If pictures appear in the lines below, skip them and copy exactly the lines from the one containing "de chez Fiat." through the one containing "- 멀티플 기업 시스템들에 걸친 데이터 통합 ETL 플랫폼 분야의 선두", and nothing else.

INPUT =
━━━━━━━━━━
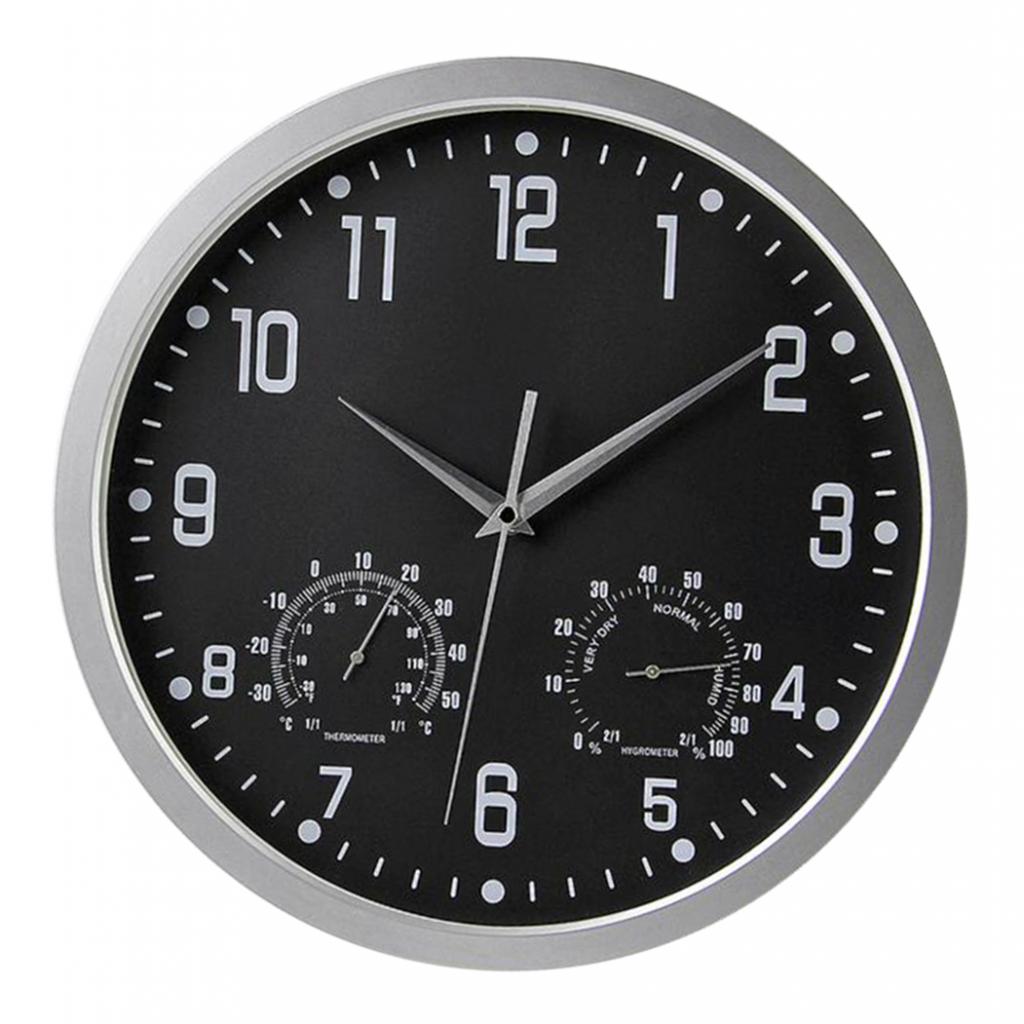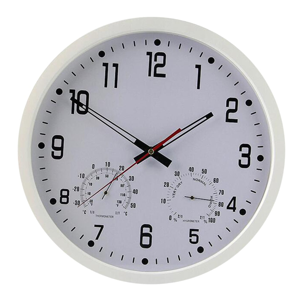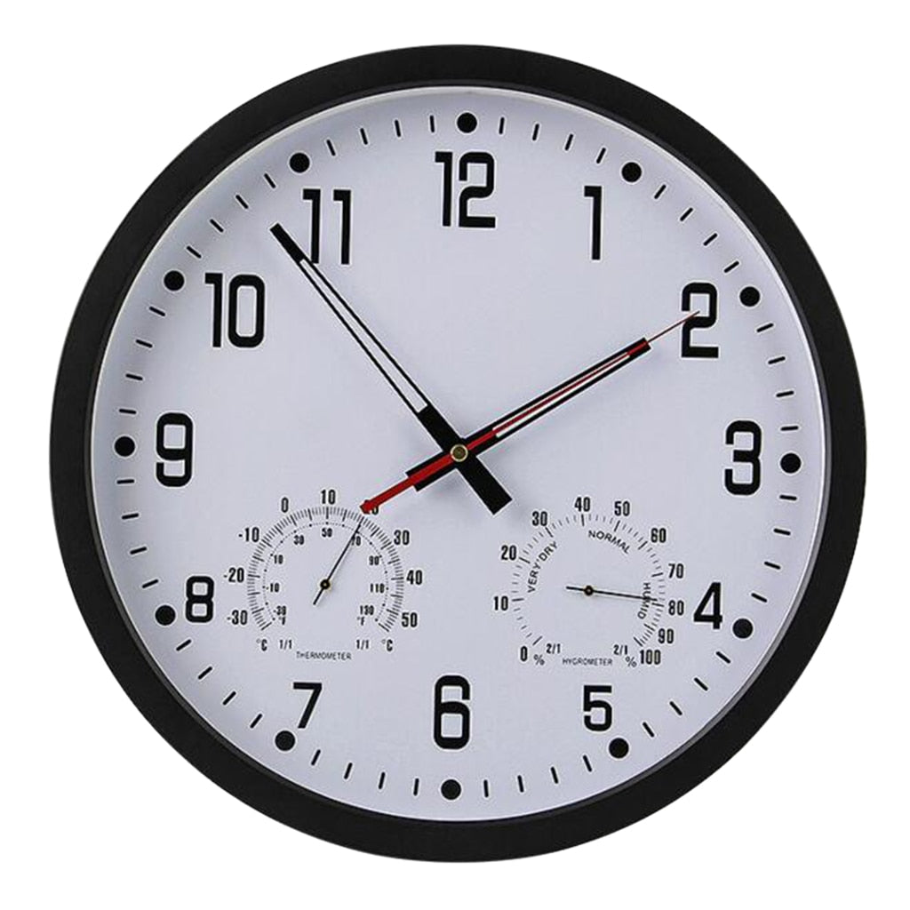 The wall clock has a humidity thermometer in a quartz movement. It has a round shape in different colors ideal for decorating any wall.
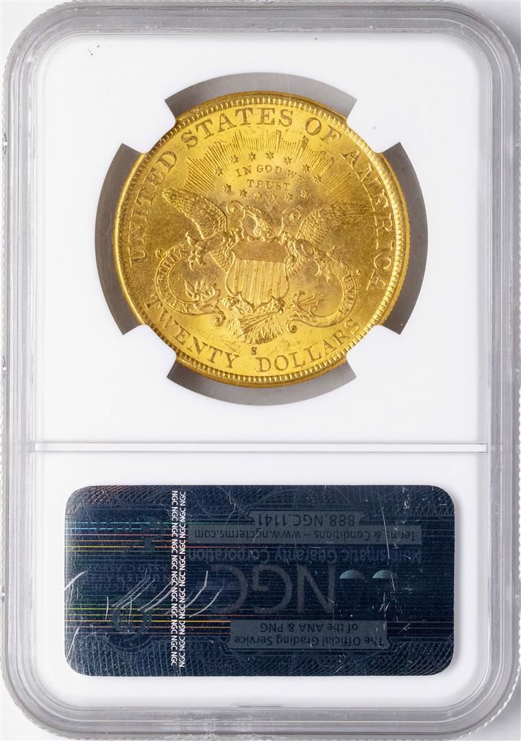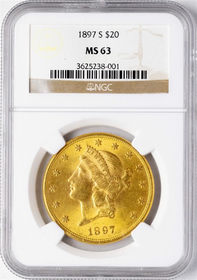 One 1897-S $20 Liberty Head Double Eagle Gold Coin NGC MS63. NGC Certified.
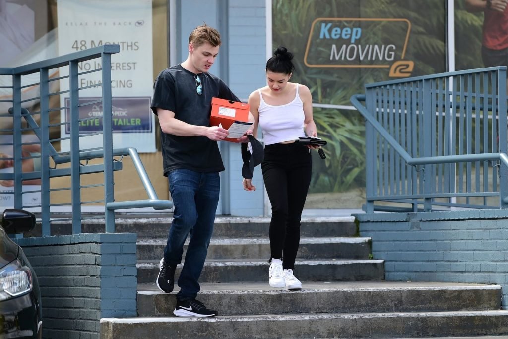 Ариэль Винтер решила не надевать бюстгальтер в пятницу вместе со своим мужчиной во время похода за обувью в Студио-Сити, Калифорния, 05.04.2019.
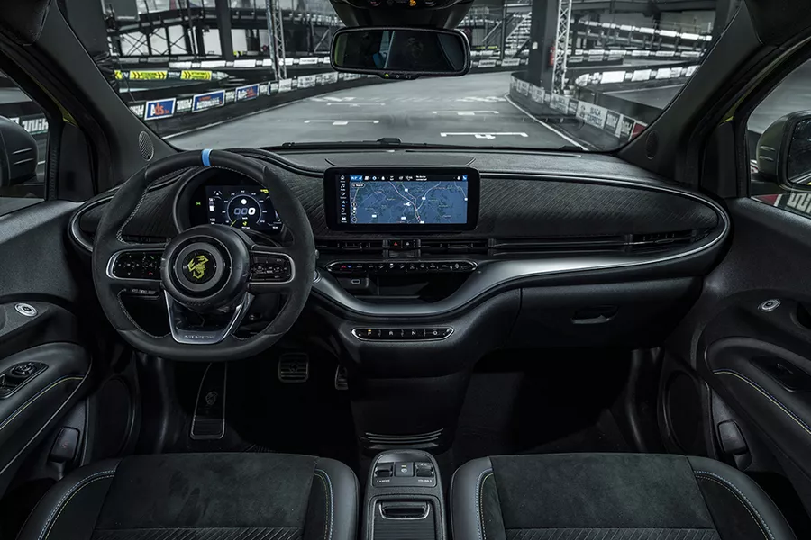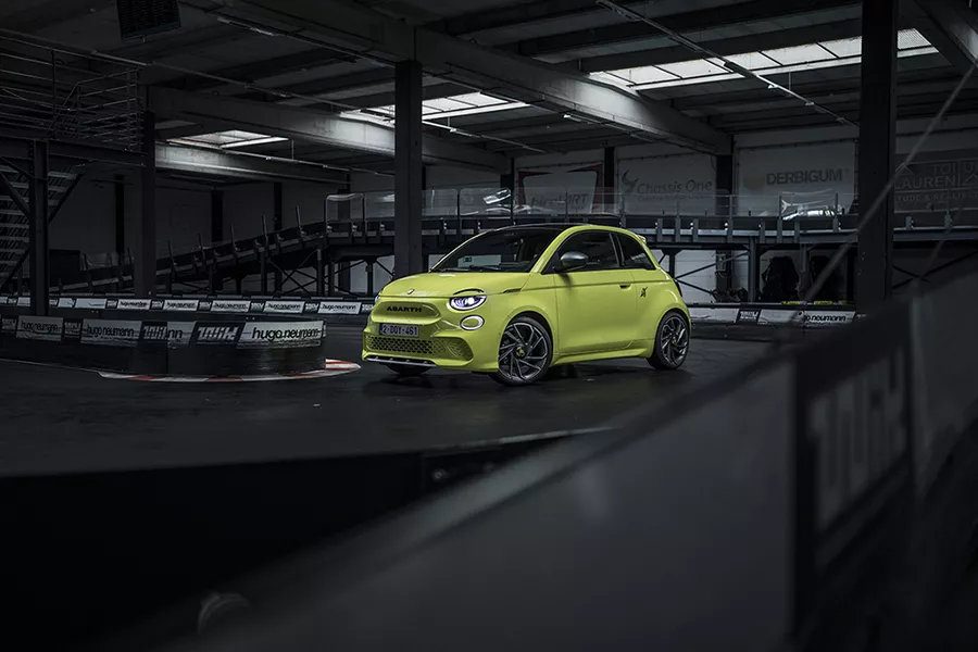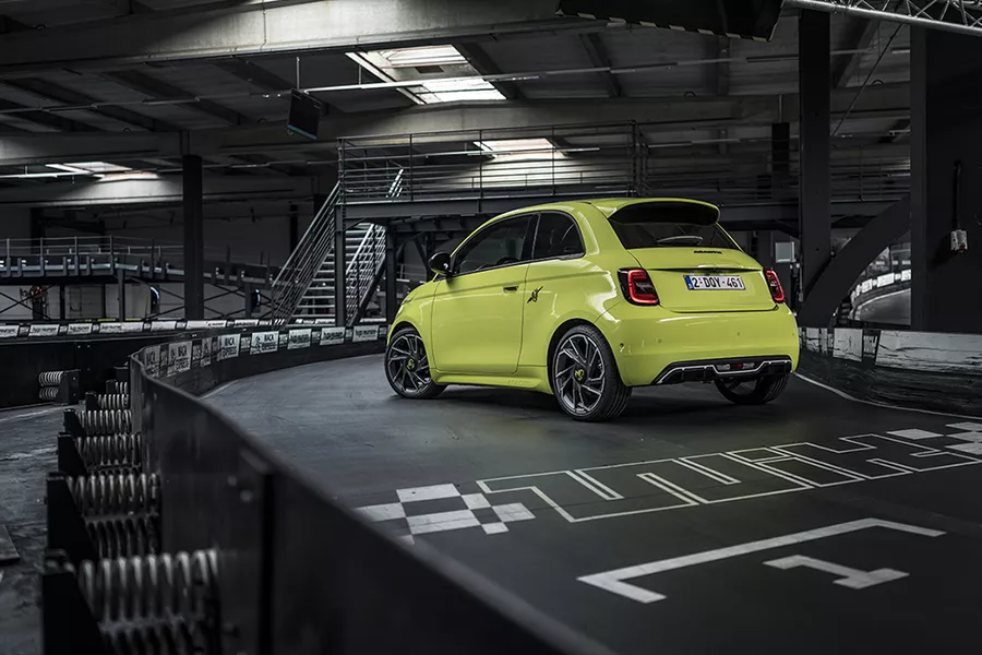 • Tout comme les versions thermiques de la gamme, la première Abarth électrique repose sur une base Fiat, en l’occurrence celle de la 500e. Cette version badgée du scorpion reste disponible en « coupé » ou « cabrio », mais pas en « 3+1 places ». Comme d’habitude, Abarth a relooké le modèle à sa façon, pour lui donner une allure plus musclée, avec un nez redessiné, de plus gros pare-chocs, des jupes latérales, un diffuseur et des jantes spécifiques. À bord, on est parfaitement installé dans des sièges confortables, tandis que le volant à fond plat recouvert d’Alcantara est agréable à prendre en mains. Un bon point également pour la qualité de l’assemblage des matériaux. Par contre, à l’arrière et côté coffre, cette Abarth est logiquement tout aussi exigüe que sa cousine de chez Fiat.
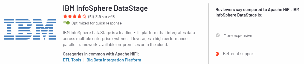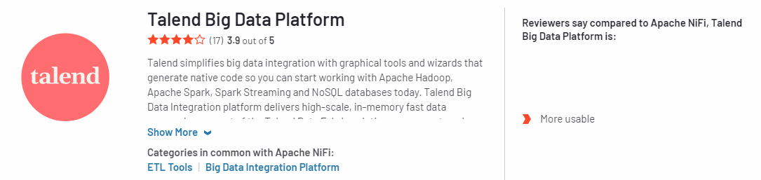 - 멀티플 기업 시스템들에 걸친 데이터 통합 ETL 플랫폼 분야의 선두
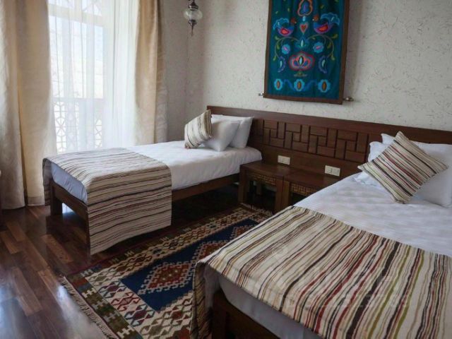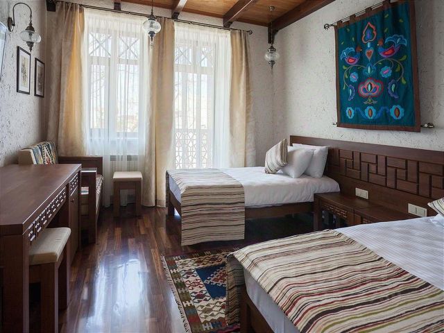 Отель Джеваль расположен в г. Евпатория.Расположившись в сердце Старого города на исторической площади Одун-базар, в 5 минутах от моря, отель стал яркой гранью культурно-этнографического центра, включающего также музей крепостных ворот , кофейню и этно-ресторан.Расстояние до аэропорта составляет- 57 км., а до железнодорожного вокзала-2.2 км. В распоряжении гостей 19 номеров категории Стандарт, тематические люкс "Нар","Зейтун" и апартаменты "Бадем".Номера располагают кондиционером, мини-баром и чайно-кофейной станцией. В собственной душевой комнате предоставляются фен и халат. Из окон люксовых номеров открывается вид на море. В числе прочих удобств - сейф. В отделке номеров отеля использованы только натуральные материалы (черепица-татарка, мебель из крымской акации и черешни). К услугам гостей парковка, ресторан, возможность организовать трансфер. Гостям предоставляется доступ к сети Wi-Fi.По утрам подают завтраки двух видов:крымскотатарский и европейский,которые ежедневно меняются. Работает круглосуточная стойка регистрации. Вежливый персонал отеля любезно посоветует маршрут для Вашего путешествия. В летний период гостям предоставляется бесплатный трансфер на пляж "Лазурный берег".В осенне -зимний период при предварительном бронировании (за 2 недели)возможно посещение бани с купелью на берегу моря. Прекрасный и просторный номер площадью 18 кв.м. хорошо освещен и оформлен в восточном стиле. В номере имеются: 2-х спальная кровать, или 2 односпальных, на выбор Раскладное кресло-кровать Возможность установки детской кроватки LCD- телевизор Посуда Сейф Электрочайник Кондиционер Мини-бар Wi-Fi
━━━━━━━━━━
EXERCISE OUTPUT =
 • Tout comme les versions thermiques de la gamme, la première Abarth électrique repose sur une base Fiat, en l’occurrence celle de la 500e. Cette version badgée du scorpion reste disponible en « coupé » ou « cabrio », mais pas en « 3+1 places ». Comme d’habitude, Abarth a relooké le modèle à sa façon, pour lui donner une allure plus musclée, avec un nez redessiné, de plus gros pare-chocs, des jupes latérales, un diffuseur et des jantes spécifiques. À bord, on est parfaitement installé dans des sièges confortables, tandis que le volant à fond plat recouvert d’Alcantara est agréable à prendre en mains. Un bon point également pour la qualité de l’assemblage des matériaux. Par contre, à l’arrière et côté coffre, cette Abarth est logiquement tout aussi exigüe que sa cousine de chez Fiat.
 - 멀티플 기업 시스템들에 걸친 데이터 통합 ETL 플랫폼 분야의 선두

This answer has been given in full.